Capitalisme, d'où viens-tu ? : Vie et mort du capitalisme | France culture 10/07/2020


Difficile de donner une date de naissance au capitalisme : remonte-t-il à la révolution industrielle, à la prise de pouvoir des classes bourgeoises, à la réforme protestante, aux grands voyages de la Renaissance ? Et qu'en est-il de sa mort ? Car souvent annoncée, elle n’en finit plus d’arriver...

Quentin Metsys, "le Prêteur et
sa femme"
Le capitalisme produit des zombies ou, plus précisément, le progrès technique et la consommation de masse produisent des zombies d’un genre nouveau, différents de ceux qui sont apparus il y a plusieurs siècles à Haiti. 

Nous les voyons tous les jours dans les rues de nos villes, dans les couloirs du métropolitain, sur les passages piétons. Ils avancent la tête basse, le regard perdu, le pas lent. Ils se déplacent en ligne droite, avec le risque d’heurter celui ou celle qui vient en face, parfois un autre zombie. Ils risquent leur vie quand ils ne voient pas s’approcher l’automobiliste ou le cycliste. Il y a parfois des accidents de zombies, même si une sorte de pouvoir surnaturel leur fait souvent éviter le choc.

Ces zombies-là, ceux de notre siècle, ont greffé entre les mains un téléphone portatif dont l’écran les hypnotise. Que regardent-ils ? Les actualités ? Les cours de la bourse ? Un film de zombie ? 

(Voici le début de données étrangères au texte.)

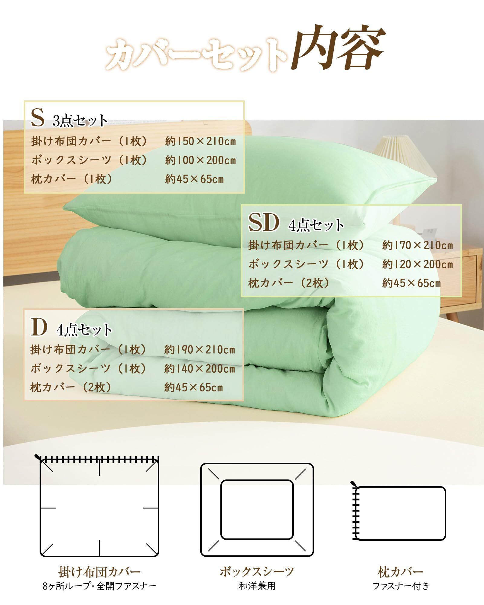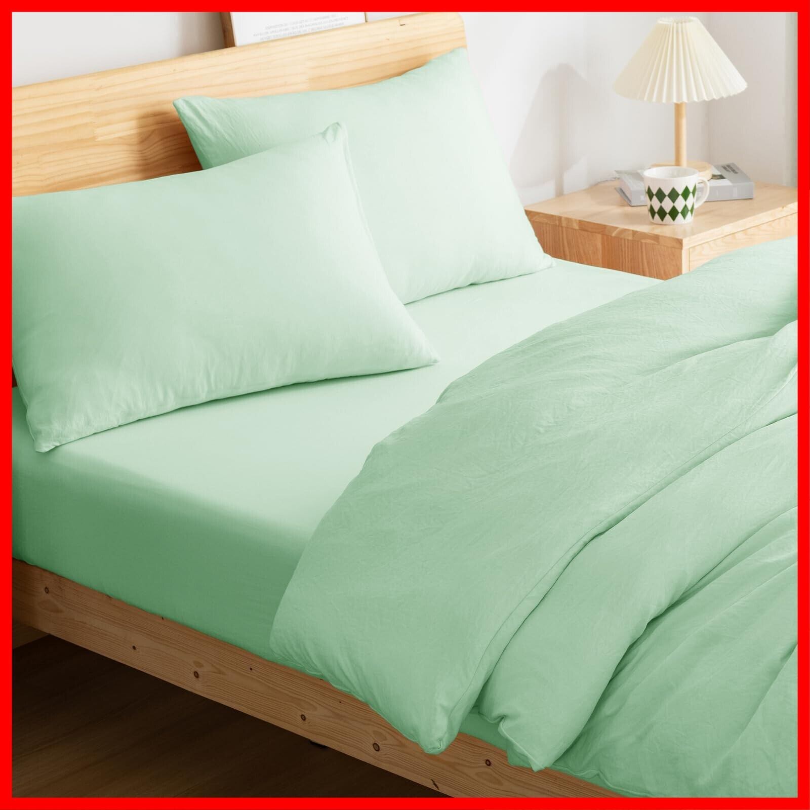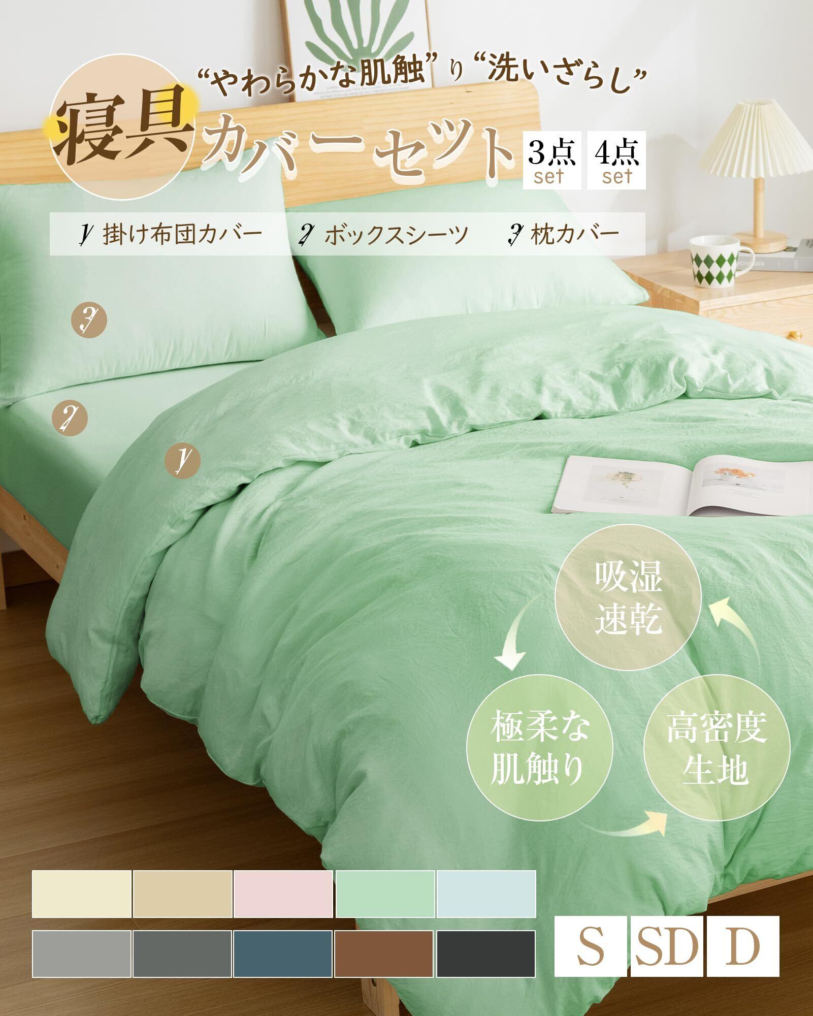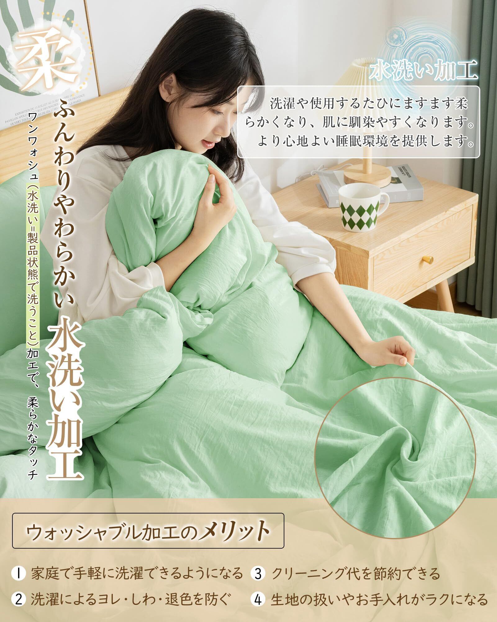 布団カバーセット セミダブル 寝具カバーセット【水洗い加工&超柔らかい】セミダブル 布団カバーセット セミダブルベットカバーセット 掛け布団カバー セミダブル シーツセット 洋式ベッド・和式布団兼用 ざらしシワ加工 水洗い やわらか 肌触り 吸水速乾 丸洗い 無地 シンプル オールシーズン(布団カバー セミダブル セットグリーン) | hananoki

Sans volonté, ils semblent vidés de leur substance. Je suis parfois, hélas, de ces zombies, de ceux qui avancent le regard baissé sur leur smartphone et qui soudain relèvent la tête, surpris de constater que notre monde capitalistique, sans cesse à la recherche du veau d’or, fait resurgir la figure fascinante des cultes vaudou.

Des éthiques et des pratiques capitalistes ont-elles toujours existé ? Cette quête des origines du capitalisme revient finalement à choisir un critère qui définirait, plus que les autres, notre capitalisme triomphant actuel. C'est que nous verrons, en compagnie de Quentin Ravelli, sociologue, chargé de recherches au CNRS.

"Cette hypothèse d’origine industrielle du capitalisme a le mérite du bon sens. C'est ce qu'on retrouve dans les manuels scolaires, dans "Les temps modernes" de Chaplin, c’est l'explication par Germinal de Zola, qu'on retrouve parfois même chez Engels qui considère dans certains de ses textes que la naissance du capitalisme et de la classe ouvrière anglaise commence avec la machine à vapeur. 

Donc, on a cette vision qui peut paraître assez convaincante. Mais si on retrace cette lignée-là, qui est celle de la technologie, on voit que bien avant les luttes des luddites qui essaient de détruire les machines avant de s'attaquer à des rapports sociaux plutôt qu'à la technique, on a des signes plus que précurseurs et on peut remonter assez loin : l’attelage, la force motrice des machines à tisser, remonte bien avant, donc on est un peu perdu. Et surtout, il faut qu'il y ait, et c’est ça le principal obstacle, une classe politique au pouvoir qui instaure le capitalisme à l'échelle de pays entiers. Et ça, ce n'est pas possible simplement par la puissance d'une technique isolée, que ce soit le charbon, les chemins de fer ou autres. Donc, il faut aller creuser dans l'histoire politique pour trouver de meilleurs arguments et on abandonne cette idée pourtant séduisante." Quentin Ravelli

Souvent annoncée, la fin du capitalisme n’en finit plus d’arriver. 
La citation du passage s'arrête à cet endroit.